Saturday, July 4, 2020

This is Geometry Processing Made Easy


❤️ Check out Linode here and get $20 free credit on your account: https://ift.tt/2LaDQJb 📝 The paper "Monte Carlo Geometry Processing: A Grid-Free Approach to PDE-Based Methods on Volumetric Domains" is available here: https://ift.tt/2VLOFY0 Implementations: - https://twitter.com/iquilezles/status/1258218688726962183 - https://twitter.com/iquilezles/status/1258237114958802944 - https://ift.tt/3eY2Lx2 Our mega video on Multiple Importance Sampling: https://www.youtube.com/watch?v=TbWQ4lMnLNw Koiava’s MIS implementation: https://ift.tt/1vHDH1F My course at the Vienna University of Technology on light transport is available here.
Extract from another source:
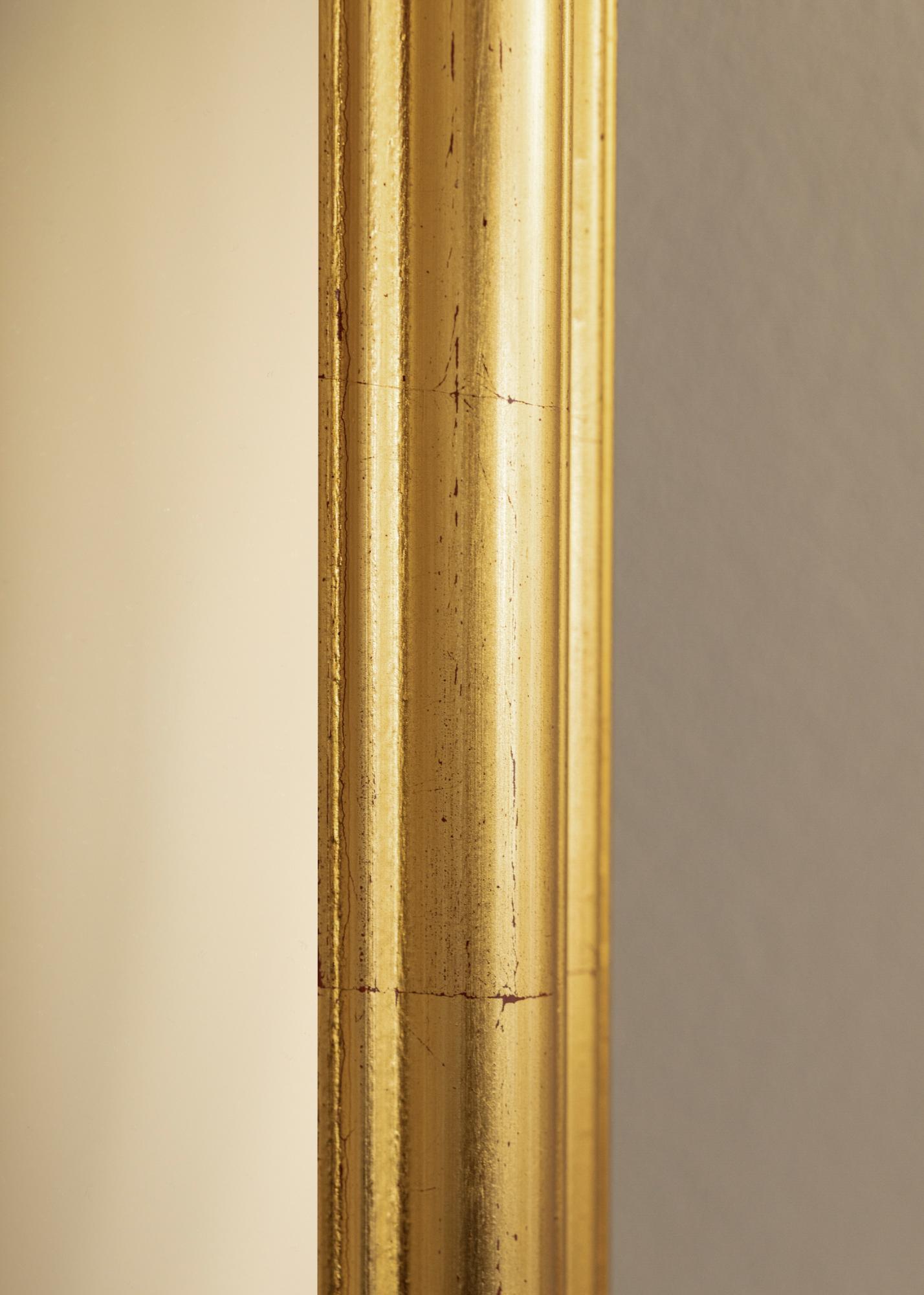 Der Rahmen ist aus Ayous-Holz gefertigt und hat ein sanft gewölbtes Profil, das zum anspruchsvollen Aussehen des Spiegels beiträgt. Die Oberfläche ist antik patiniert mit subtilen Rissen und kleinen dunklen Einsprengseln, was dem Spiegel ein authentisches Vintage-Gefühl verleiht. Die goldene Oberfläche schafft eine warme und klassische Atmosphäre, perfekt, um Ihrem Zuhause einen Hauch von zeitloser Eleganz zu verleihen.

It is completely free for everyone: https://ift.tt/2rdtvDu 🙏 We would like to thank our generous Patreon supporters who make Two Minute Papers possible: Aleksandr Mashrabov, Alex Haro, Alex Paden, Andrew Melnychuk, Angelos Evripiotis, Benji Rabhan, Bruno Mikuš, Bryan Learn, Christian Ahlin, Daniel Hasegan, Eric Haddad, Eric Martel, Gordon Child, Javier Bustamante, Lorin Atzberger, Lukas Biewald, Michael Albrecht, Nikhil Velpanur, Owen Campbell-Moore, Owen Skarpness, Robin Graham, Steef, Sunil Kim, Taras Bobrovytsky, Thomas Krcmar, Torsten Reil, Tybie Fitzhugh. More info if you would like to appear here: https://ift.tt/2icTBUb Károly Zsolnai-Fehér's links: Instagram: https://ift.tt/2KBCNkT Twitter: https://twitter.com/twominutepapers Web: https://ift.tt/1NwkG9m

Transformers are RNNs: Fast Autoregressive Transformers with Linear Attention (Paper Explained)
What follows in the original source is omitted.